All of that is wonderful, and we should have a robust debate about it. But what happens to the subsidies should not be the court’s concern. The only question that matters in King is whether the administration used the IRS to rewrite a law Congress passed.
This latest legal challenge to the federal health-care law stands, as the others have, as a warning: the modern administrative state poses a grave threat to the rule of law. Woodrow Wilson, the progressive most closely associated with the administrative state, called the field of administration “a field of business.

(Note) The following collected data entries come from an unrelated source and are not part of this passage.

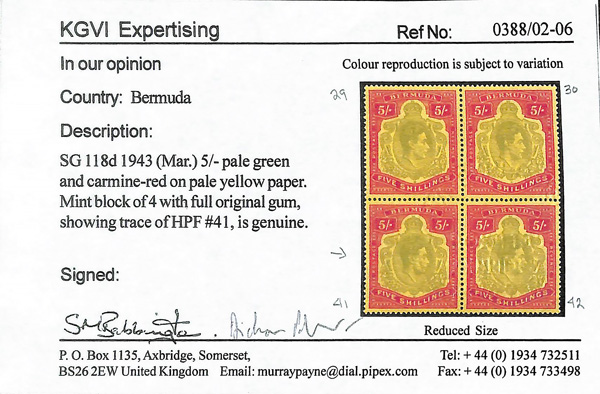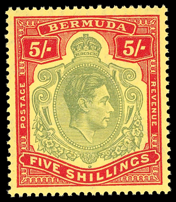 5629 nh 125a var. image1943, King George VI, 5s pale bluish green & carmine red on pale yellow, perf. 14, ordinary paper (Scott 125a var.), o.g., never hinged, Extremely Fine to Superb, with photocopy of 2026 KGVI Expertising certificate.
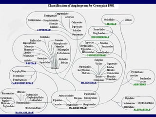 Las angiospermas se caracterizan por tener flores y frutos protegidos, semillas nunca protálicas, fecundación doble y estructura avanzada del gametófito. Son el grupo dominante actualmente con 250,000 especies diversas en forma, estructura y hábitat. Las ninfeáceas incluyen alrededor de 100 especies acuáticas con grandes rizomas, hojas flotantes y flores solitarias vistosas.
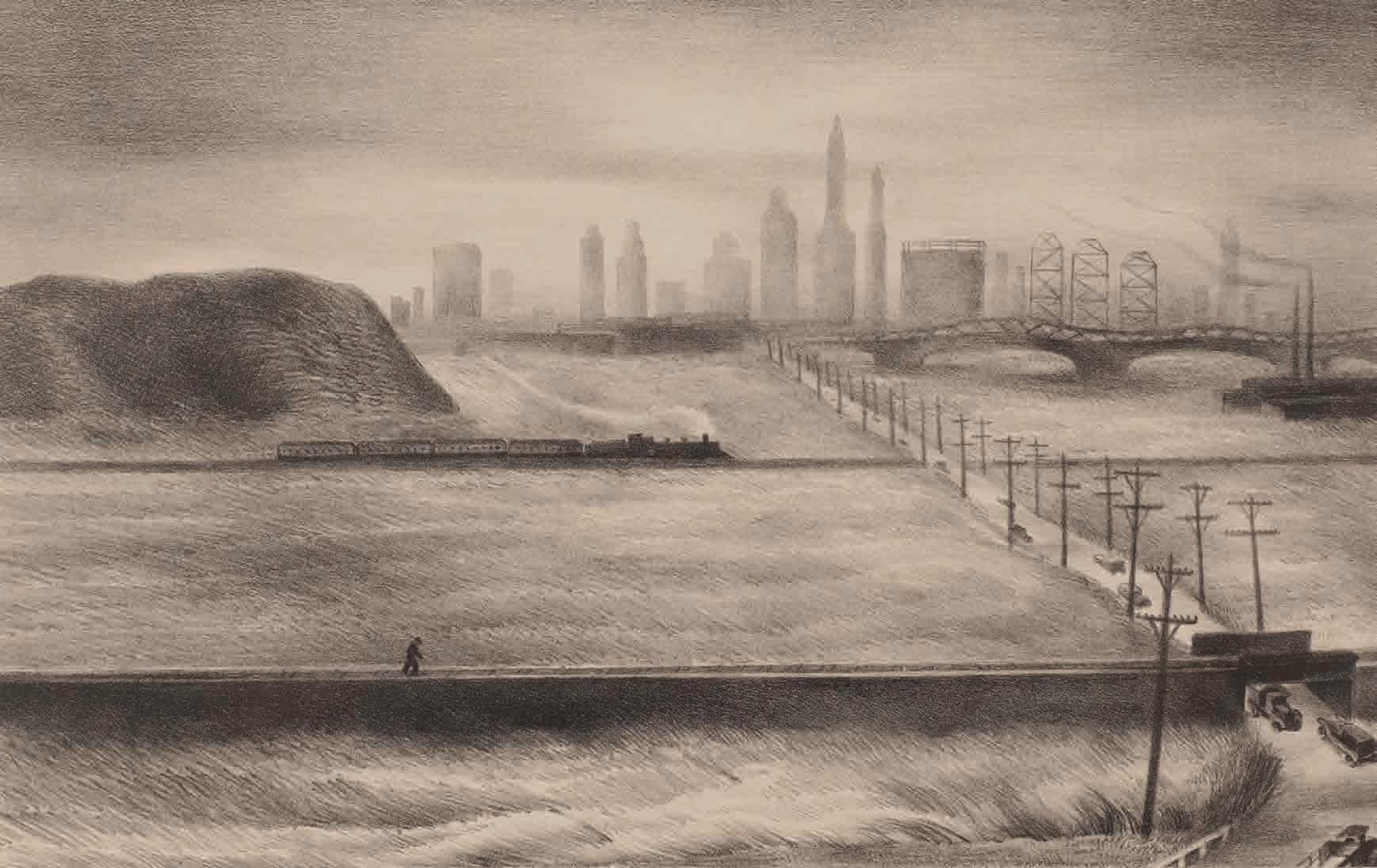 A pair of lithographs by Louis Lozowick, Into the Canyon and Open Mine (Crushed Rock), tell me many stories of the Earth and our relationship to it. What do they say to you?
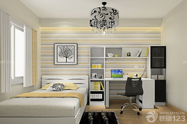 臥室加書桌形式的設(shè)計(jì)是很常見的,如果空間允許的話,相信大多數(shù)的人都會(huì)這么設(shè)計(jì),小小的書桌和書柜也能滿足自己閱讀的需求。這間臥室,設(shè)計(jì)十分簡(jiǎn)單,以簡(jiǎn)單的白色為基色,讓書房臥室顯得干凈整潔,毫無繁重、擁擠之感。

It is removed from the hurry and strife of politics; it at most points stands apart even from the debatable ground of constitutional study.”
Yet the ACA, more so than most laws, was a creation of politics. It was subject to political realities and was obviously marred by them. Governing is not and never will be a matter of mere administration, and in our current era it cannot stand apart from constitutional scrutiny because the White House has so thoroughly absorbed the progressivism of Wilson, whereby a “term of art” can achieve whatever end the government wishes—regardless of the constraints of law.